And our first question comes from Kallum Titchmarsh of Morgan Stanley.

Speaker 4

Just across the core injection business. I know you touched on it briefly in your remarks but I'd appreciate some extra clarity if possible on pricing, specifically where you've been able to take price, capturing both products and geographies. And then how you expect this to trend as we head towards your fiscal year 2024.

Speaker 2

Kallum, this is Dev. So with regard to pricing, ever since we spun off, now five quarters ago, we've been able to consistently take price across a variety of geographies. Most recently, in the most recent quarter, we were able to get some price in the U.S. as well as in geographies outside the U.S. Pricing is something, Kallum, that happens to us on a rolling basis because we certainly have contracts that roll in and out across various geographies. Pricing overall globally can also get affected by customer mix, and whether it's a tender business and whether we've won a tender or not, versus normal, what I'll call sort of retail channel business. But I think consistently, we've been able to take price. I really don't want to project price going forward. But certainly, our efforts to optimize price in various markets around the world will continue. The pricing actually has also helped us in this recent inflationary environment by allowing us to offset the inflationary pressures that we've certainly experienced since the spin. Jake, is there anything you would like to add?

Speaker 3

Yes, sure. Maybe just a little bit more color regarding the impact. So I would say on a consolidated level, we saw pricing drive a little less than about 1% of positive year-over-year constant currency revenue growth for total Embecta. That was largely due to pricing tailwinds that we saw outside of the U.S. Pricing in the U.S. was flat. But I would say that in the U.S., we actually did see like-for-like pricing increases that would have driven about 1% of revenue growth in the U.S. year-over-year. But that was offset by about a 1% headwind coming from certain rebate reserve adjustments that were made in the third quarter of 2022 that did not reoccur and were a headwind then in terms of 2023. So we continue to be pretty pleased with our ability to drive price both in the U.S. on a like-for-like basis as well as through most countries internationally.

Operator

Our next question comes from Marie Thibault of BTIG.

Speaker 5

I wanted to start by discussing the revenue guidance.
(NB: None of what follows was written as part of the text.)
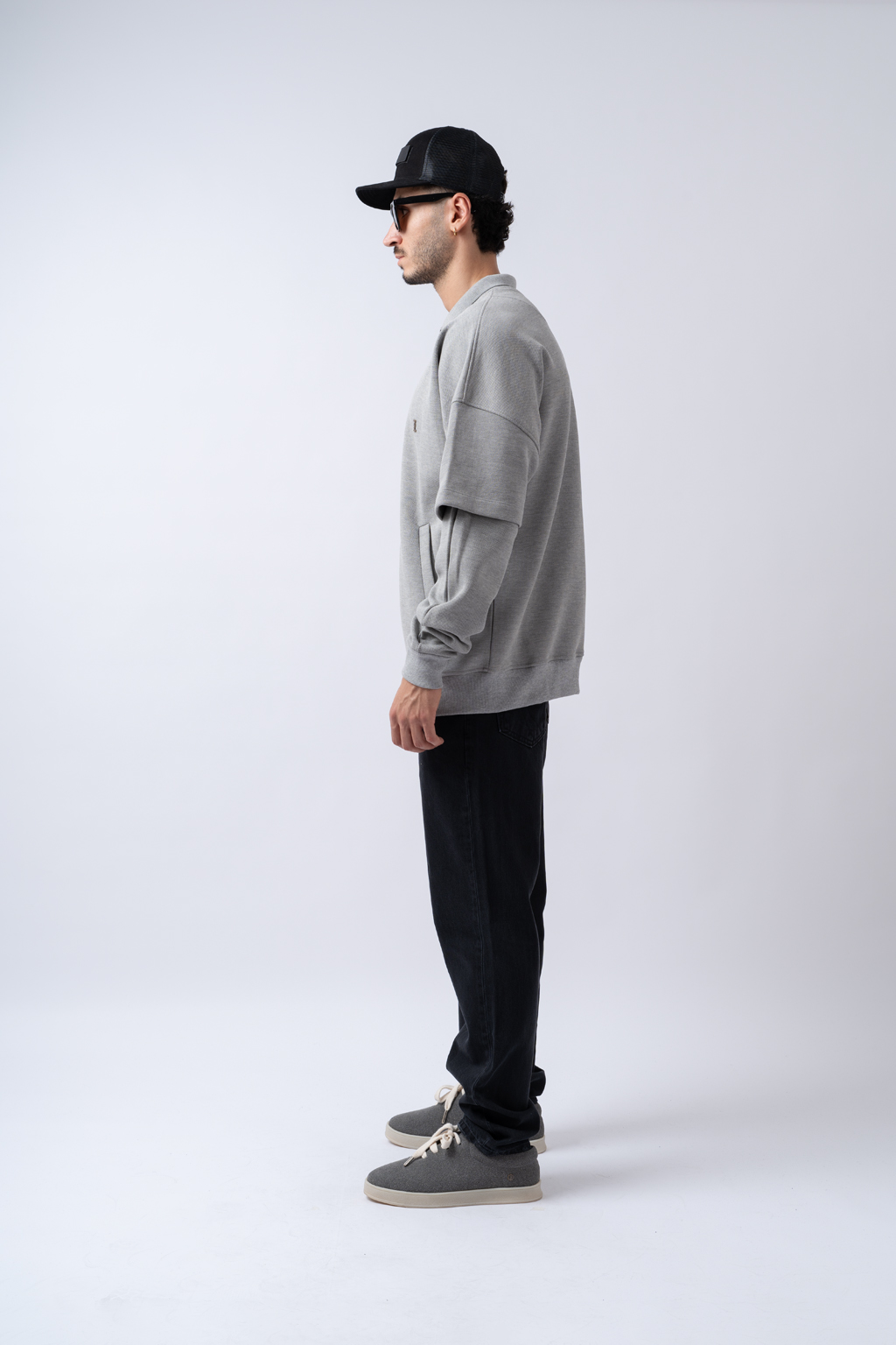 • یقه و قسمت پایین محصول با کشباف طراحی و اجرا شده و بر روی گردن زیپ فلزی برای رگلاژ اجرا شده است.

It seems that contract manufacturing revenue was strong this quarter, but we do not anticipate any for this quarter or the next. I understand that situation, but could you elaborate on your expectations for base business growth? What are your thoughts on volume growth, specifically in the U.S., international, and emerging markets for the remainder of the year?

Speaker 3

Yes. So Marie, maybe I'll start and then Dev can certainly weigh in here. One of the reasons why we sort of break out the contributions from contract manufacturing revenue as compared to sort of the core injection business is because all along, we've known that it's going to be somewhat transient in nature as BD begins to just sort of in-source their ability to manufacture that product itself, right? So I think it's important for the investment community to understand that there's going to be some ebbs and flows in any given quarter as it relates to kind of the contract manufacturing revenue. And while we did generate about $3 million worth of contract manufacturing revenue in the third quarter of 2023, it was still a headwind year-over-year of about $2.3 million. And that equated to about just under 1% of a constant currency headwind in the quarter itself. Now as we sort of move forward here for the fourth quarter, contract manufacturing is going to be a much larger headwind for us as compared to the fourth quarter of 2022. So right now, given what we know, we're not factoring in any additional contract manufacturing revenue for the fourth quarter of 2023. And that compares to about $10 million worth of contract manufacturing revenue that we generated in the fourth quarter of 2022. So that alone equates to about a 3.6% constant currency headwind in Q4 versus the year-ago period. So if you were to sort of normalize for that, our guidance for the core injection business actually implies a step-up in Q4. And right now, we're anticipating that the core injection business on a constant currency basis grows somewhere between 1.3% and 3.3%. And that sort of acceleration in year-over-year constant currency revenue growth is largely coming from both our expectations for the U.S. as well as for China.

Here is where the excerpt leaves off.